Experiment-design defense
This is a live exam in the lab. The student brings a question of their own — does raising the ramp make the toy car roll farther? — and designs a fair test for it: one variable changed, the rest held steady, enough trials to trust the answer. They run it, record the data, and graph it. Then the guide starts asking: why hold that constant, why five trials and not one, what does that outlier mean, what if the floor were carpet instead.
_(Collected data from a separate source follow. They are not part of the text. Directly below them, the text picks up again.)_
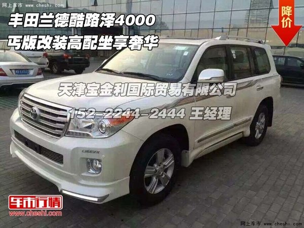 【网上车市 天津滨海行情.原创 】近日获悉,2015款丰田酷路泽4000现车到店,天津现车销售丐版改装坐享奢华新年新报价最低仅48.5万,颜色齐全手续正规,更多优惠促销活动请致电天津宝金利国际贸易有限公司,机会难得欲购从速,具体详情请与经销商联系,24小时购车咨询电话:152-2244-2444 王经理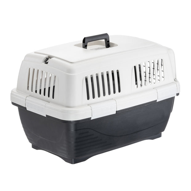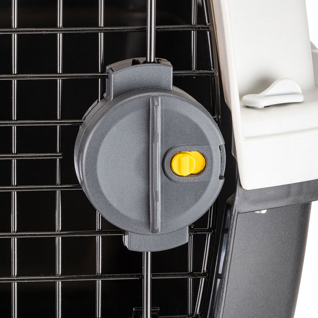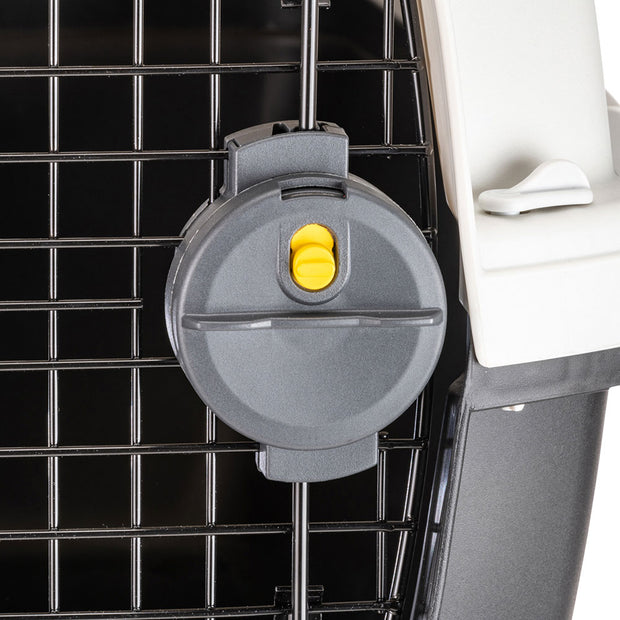 Solidi e robusti, sono costruiti in resina termoplastica e dotati di porta in ferro plastificato con maglia di 19 x 19 mm per maggiore sicurezza. I trasportini Clipper sono dotati di una serratura a 2 vie, estremamente affidabile, che evita spiacevoli aperture accidentali durante il viaggio. Ruotando la manopola, vengono infatti attivati due punti di fissaggio che ancorano l'anta alla struttura principale del trasportino.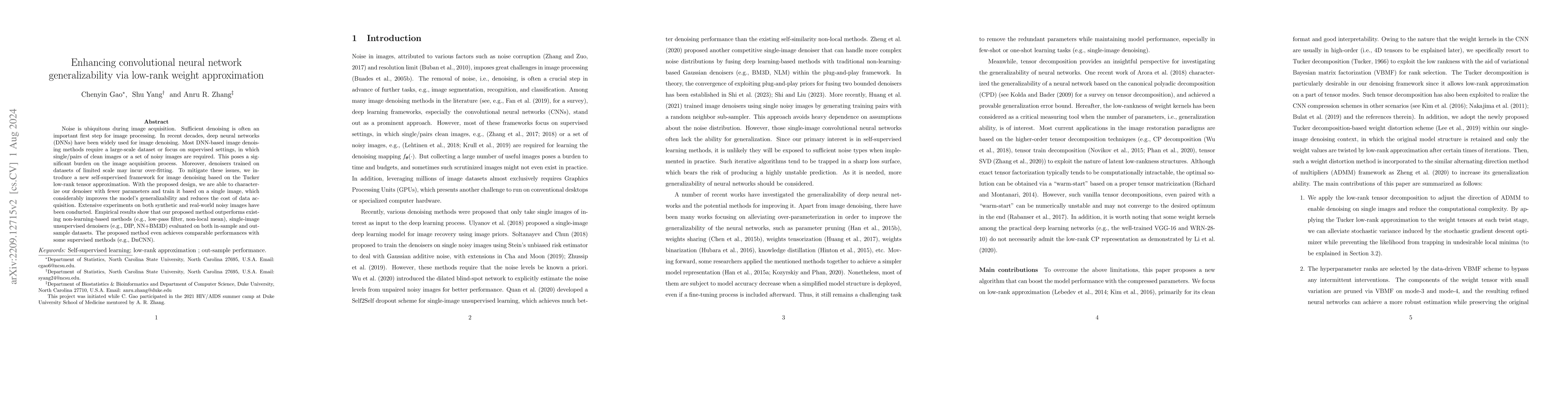 This paper presents a self-supervised denoising framework using a low-rank tensor-approximated convolutional neural network (CNN) that requires only a single image for training, significantly reducing data acquisition costs and improving model generalizability. Experimental results show superior performance compared to non-learning and unsupervised methods, and competitive results against some supervised methods.

There is no worksheet to copy and no answer to look up — the student stands over their own setup and defends every choice out loud.
| Criterion | Not yet | Approaching | Mastered |
|---|---|---|---|
| Testable question & hypothesis | Starts with a question no experiment could answer, or offers no hypothesis at all. | Has a real question but leaves it too broad, or predicts an outcome without an if/then. | States a sharp, testable question and an if/then hypothesis that an experiment could prove wrong. |
| Sound design (variables, controls, replication) | Changes several things at once, or cannot say what is being held constant. | Identifies the main variable but misses a control, or runs only a single trial. | Changes one variable, holds the rest steady, and repeats the run enough times to trust the result. |
| Clean data & appropriate graph | Records data carelessly, or picks a graph that hides the pattern. | Records the data but the table is disorganized, or the graph is mislabeled. | Records tidy, labeled data and graphs it with the right chart type, so the pattern is easy to read. |
| Justified conclusion | States a conclusion the data does not support, or draws none at all. | Draws a reasonable conclusion but does not point to the data that backs it. | Draws a conclusion that follows from the data, names the evidence for it, and says what the result does not prove. |
| Live oral defense | Folds at the first “what if,” or recites a line that does not fit the run. | Answers some questions but falters when asked to justify a design choice. | Fields unrehearsed “what if” questions about this experiment with sound, on-the-spot reasoning. |
“My question was whether a steeper ramp makes the car roll farther. I only changed the ramp height — same car, same floor, same starting push — and I ran each height five times so one weird roll wouldn’t fool me. The data says higher ramp, farther roll, every time. If the floor were carpet I’d expect shorter distances, but the pattern would probably still hold.”
“I made the ramp higher and the car went farther, I think. I only did it once. I’m not really sure what I kept the same.”
This assessment is AI-proof by design: it happens in the lab, with a real setup the student built, in real time. No chatbot can hold a variable steady, run the trials, or defend a design choice under a “what if” it cannot picture. Mastery is shown by designing, running, and defending — not by submitting.